** Supplied data **
════════════════
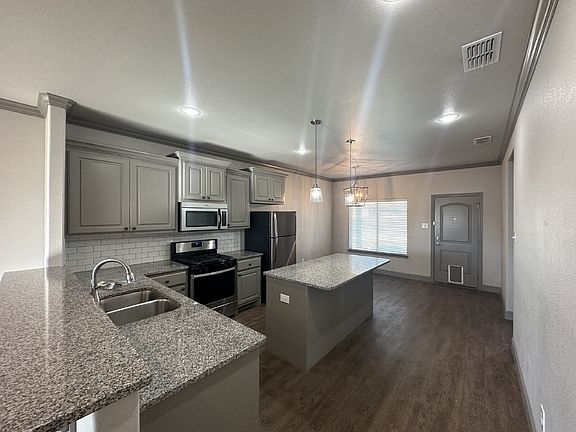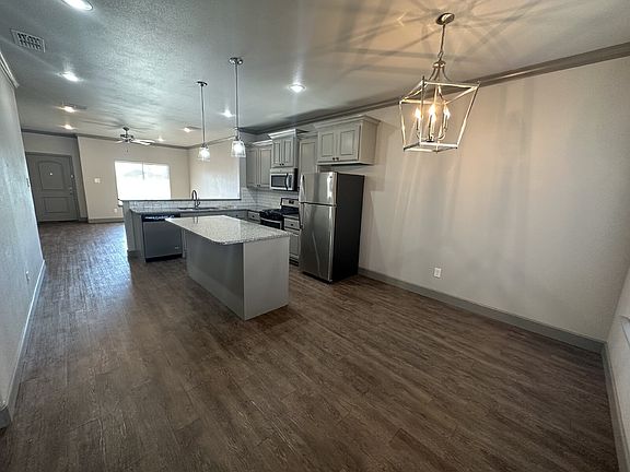 Come tour this beautifully laid out property. The home has 3 bedrooms, 2 bathrooms and a 2 car garage. The home features many upgrades throughout including granite countertops, stainless steel appliances, upgraded tile shower surrounds, with large backyard patio! The home also includes the refrigerator! Pictures are from unit with different finishes. This property has Vinyl plank throughout. Roommates considered with full months rent deposit. Pet-friendly with limitations: Up to 2 dogs allowed ($300 deposit per pet) 40 lbs and under. No aggressive breeds and no cats allowed. Schools: Cooper North Elementary, Laura Bush Middle School, Lubbock Cooper High
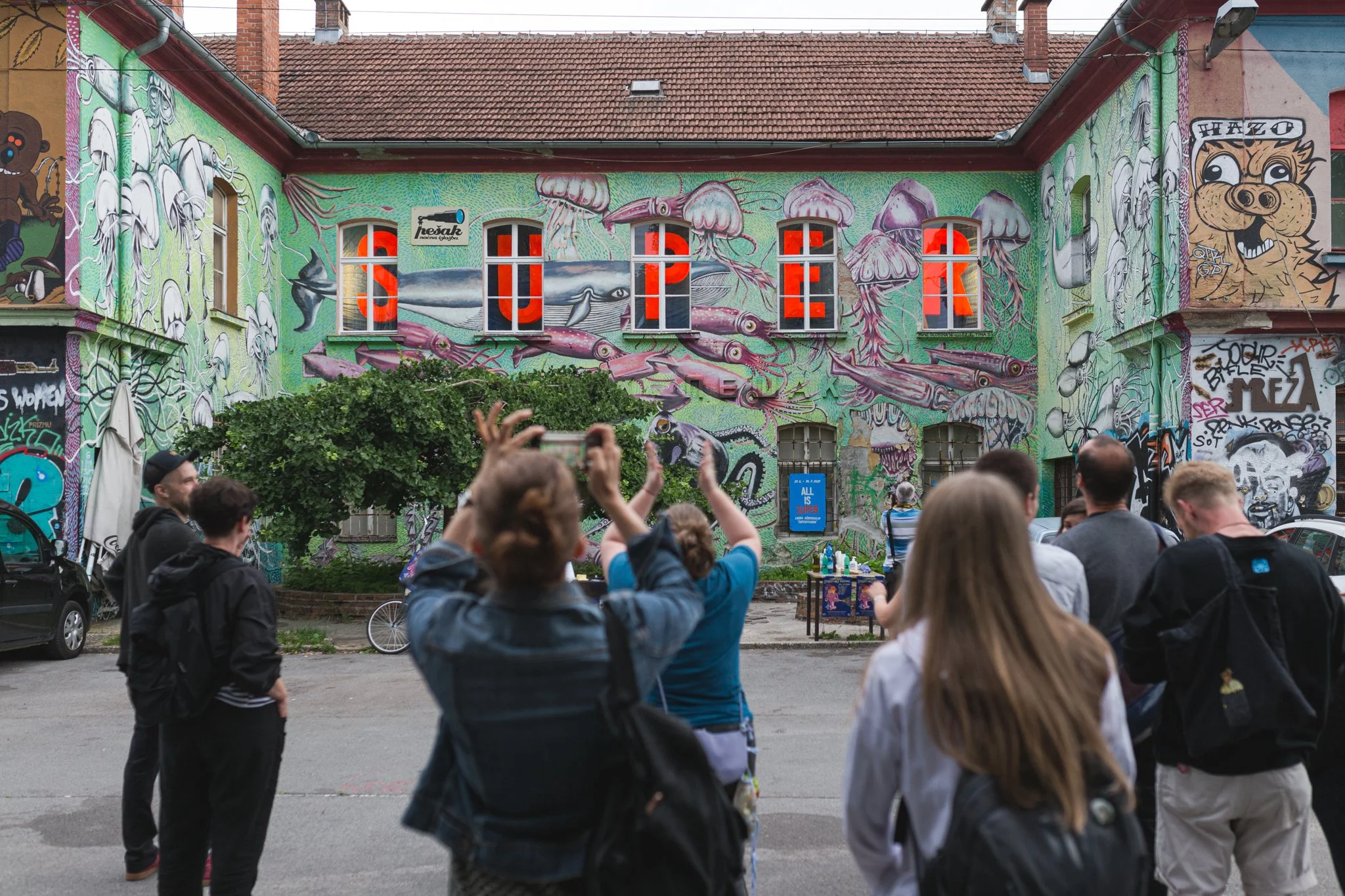 All Is Super giant letter installation was on display in the Night Gallery Pesak in Metelkova, Ljubljana in the Summer of 2020. The opening of the exhibition also opened the 2020 Ljubljana Street Art Festival.
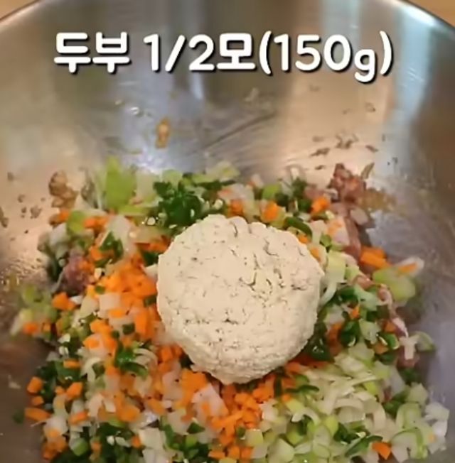다음으로 두부 1/2모를 으깨준 후 물기를 쫙 빼준다. 다음으로 다진 양파 1/4개, 다진 당근 1/4개, 다진 대파 1/2대, 다진 청양고추 3개를 차례로 그릇에 붓는다. 앞서 으깼던 두부 또한 섞어준다. 기호에 맞게 소금으로 간을 맞춰준다. 이후 계란 3개를 깨뜨려 넣은 뒤 소금 2꼬집을 뿌려 계란물을 만든다.
════════════════
** What to produce **
Everything from the line that contains "All Is Super" through the final line of the material should be returned exactly, except the pictures.

** Response to the task **
 All Is Super giant letter installation was on display in the Night Gallery Pesak in Metelkova, Ljubljana in the Summer of 2020. The opening of the exhibition also opened the 2020 Ljubljana Street Art Festival.
다음으로 두부 1/2모를 으깨준 후 물기를 쫙 빼준다. 다음으로 다진 양파 1/4개, 다진 당근 1/4개, 다진 대파 1/2대, 다진 청양고추 3개를 차례로 그릇에 붓는다. 앞서 으깼던 두부 또한 섞어준다. 기호에 맞게 소금으로 간을 맞춰준다. 이후 계란 3개를 깨뜨려 넣은 뒤 소금 2꼬집을 뿌려 계란물을 만든다.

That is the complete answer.